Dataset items
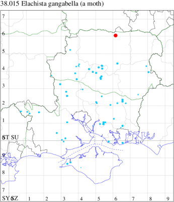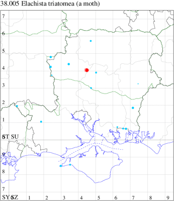 Nationally scarce (Nb) on open grassland in widely scattered localities throughout Britain and Ireland, absent from the extreme north of Scotland and the northern half of Ireland (MBGBI Vol 3). In Hampshire records are thinly distributed across much of the county, and it is no doubt overlooked - recorded from the Isle of Wight for the first time in 2020. Wingspan 7-8 mm. Only reliably recorded by dissection of the genitalia. Larva mines leaves of Annual Meadow-grass.
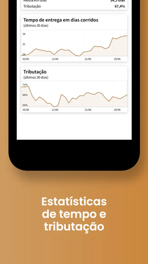 • Estatísticas de tempo de entrega e tributação
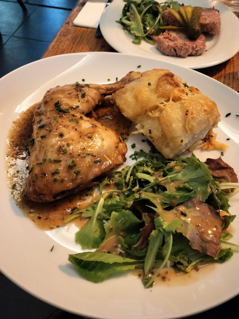 フランス語で書かれたメニューだったので、ChatGPTに翻訳してもらって、オーダー。にも関わらず、頼んだハンバーガーは鶏肉料理に(笑)ただ、どれもとっても美味しかったです!
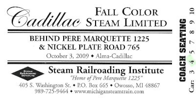 It was announced in July that as Pere Marquette 2-8-4 1225 had been sidelined with a flue problem during Train Festival 2009, it and Nickel Plate 2-8-4 765 would lead a double-headed steam excursion from Alma to Cadillac, Michigan in October. This was the first time since 1949 that the two engines had operated together. It was an easy decision to attend and Bob and I made plans to do this trip with Chris Guenzler. We would meet in Detroit on October 2nd, rent a car, drive to Alma for the excursion then visit the Henry Ford Museum and Greenfield Village in Dearborn the following day.
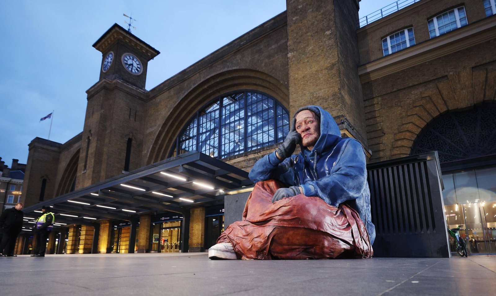 A giant, hyper-real sculpture of a person experiencing homelessness is revealed at London King’s Cross station, with the powerful protest coming after new research revealed 300,000 households could be left homeless next year
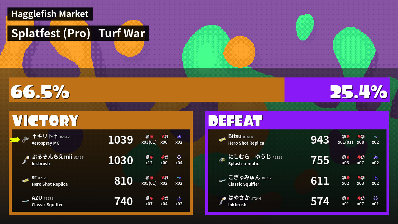 | Medals | #1 Turf Inker #1 Enemy-Base Inker #1 Super Jump Spot | ||
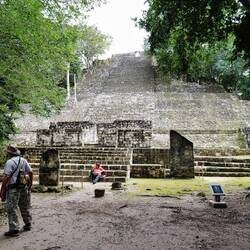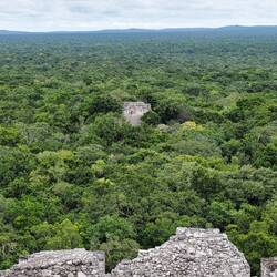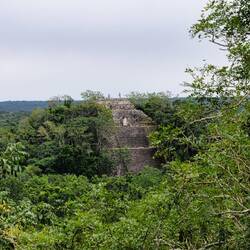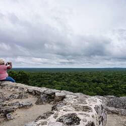 Wir sind bei den Ruinen von Calakmul, einst eine der größten Maya-Städte mit über 100.000 Bewohnern. Doch kommen nur um die 30.000 Besucher jährlich hier her, etwa so viel in zwei/drei Tagen inLäs mer
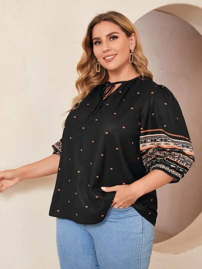 SHEIN Top de cuello con cordón con estampado de corazón - Negro - Añade 2
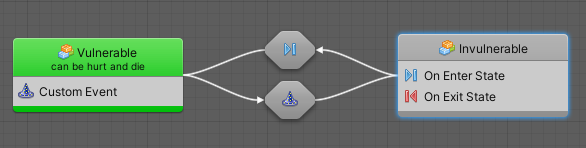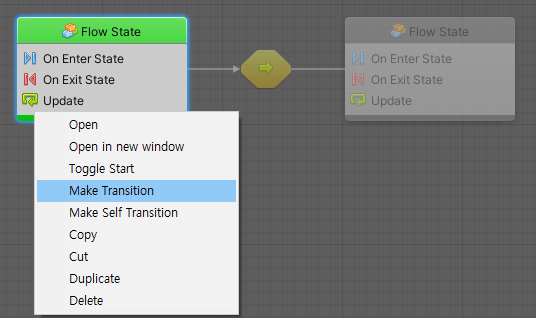 스테이트에서 다른 스테이트로 넘길 때는 위처럼 시작하고자 하는 스테이트에서 Make Transition을 클릭하여 다음 스테이트를 클릭해 주면 된다.
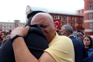Pandemiden sonra ailelerin de alındığı törende öğrenciler hep bir ağızdan bayrak ve Kur'an-ı Kerim üzerine el basarak yemin etti. Yemin töreninin ardından öğrenciler uzun süredir görüşemediği aileleri ile sarılıp hasret giderdi. iha
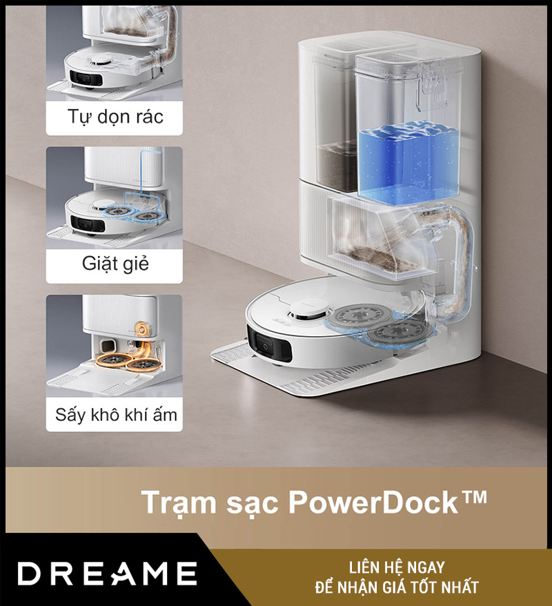 Một trong những điểm đắt giá nhất của Dreame D20 Ultra chính là trạm sạc PowerDock™ thông minh. Đây không chỉ là nơi sạc pin, mà còn là trung tâm xử lý mọi thao tác sau khi robot hoàn thành công việc:
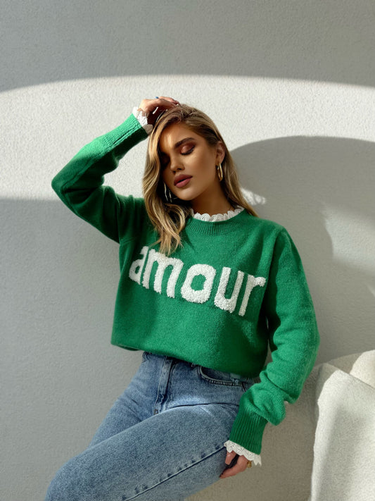 Pulover amour me jake dantelle me menge te gjata dhe dantelle ne pjesen e mengeve....
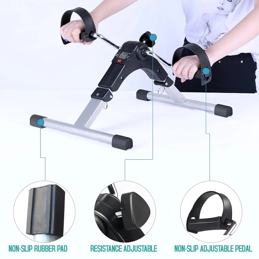 دراجة صغيرة تحت المكتب لممارسة التمارين اليد والقدم وهي قابلة للحمل
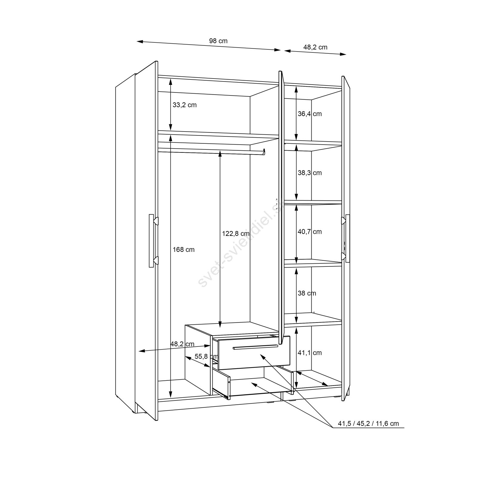 • Skriňa disponuje vešiakovou tyčou, zásuvkami, policami a veľkým úložným priestorom na vaše oblečenie, tašky a sezónne veci.
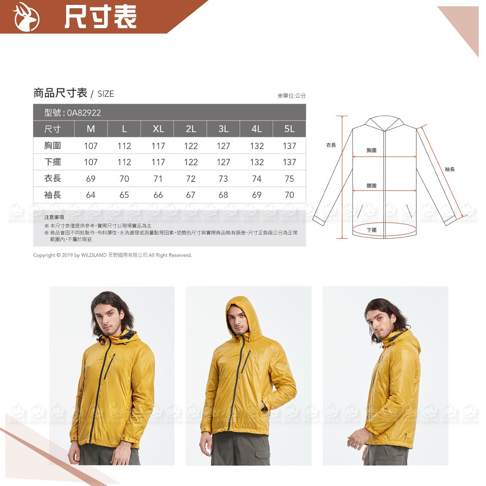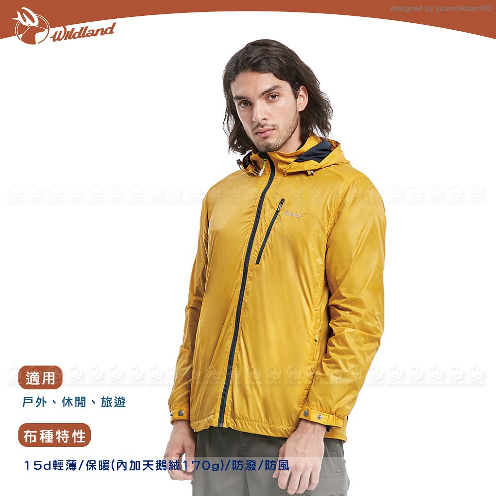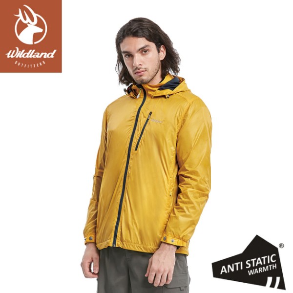 【Wildland 荒野 男 15D天鵝絨防風保暖外套《藤黃》】0A82922/連帽外套/風衣/運動外套/悠遊山水
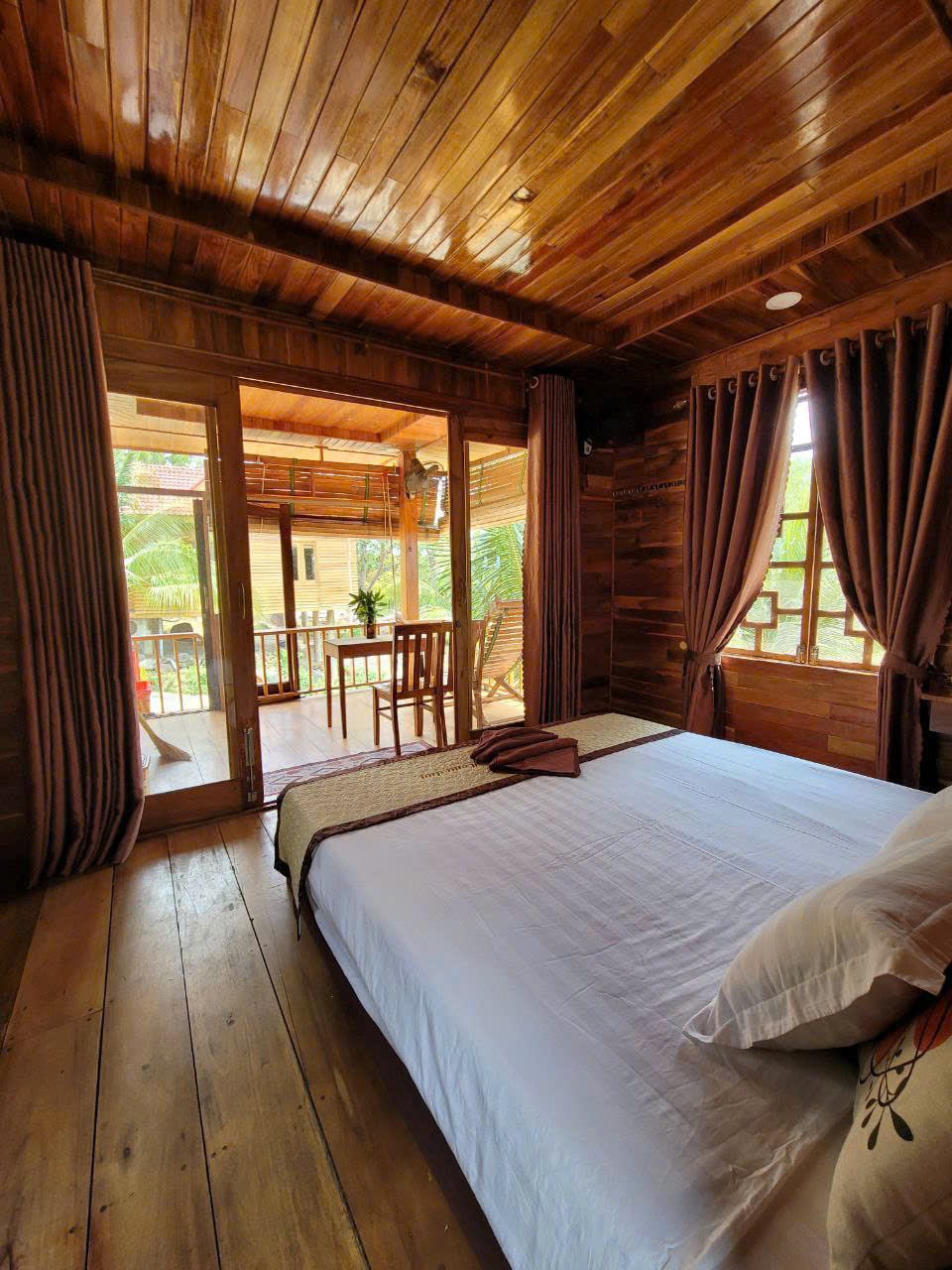 Approximately 12 km from the Phu Quoc International Airport. It is located in the tropical greenery of the mountains along the Ong Lang beach. With beautiful and creative architecture made from bamboo and natural wood. Our room is 24m2 with large windows and balconies. You will be relaxed and immersed by murmuring streams, birds singing from the mountains. The resort serves a daily buffet breakfast and the restaurant offers a wide selection of meals.

#### EXERCISE PROMPT:
Print the lines from the beginning of the records up to and including the line containing "フランス語で書かれたメニュー", word for word, with no pictures.

#### SOLVED EXERCISE:
 Nationally scarce (Nb) on open grassland in widely scattered localities throughout Britain and Ireland, absent from the extreme north of Scotland and the northern half of Ireland (MBGBI Vol 3). In Hampshire records are thinly distributed across much of the county, and it is no doubt overlooked - recorded from the Isle of Wight for the first time in 2020. Wingspan 7-8 mm. Only reliably recorded by dissection of the genitalia. Larva mines leaves of Annual Meadow-grass.
 • Estatísticas de tempo de entrega e tributação
 フランス語で書かれたメニューだったので、ChatGPTに翻訳してもらって、オーダー。にも関わらず、頼んだハンバーガーは鶏肉料理に(笑)ただ、どれもとっても美味しかったです!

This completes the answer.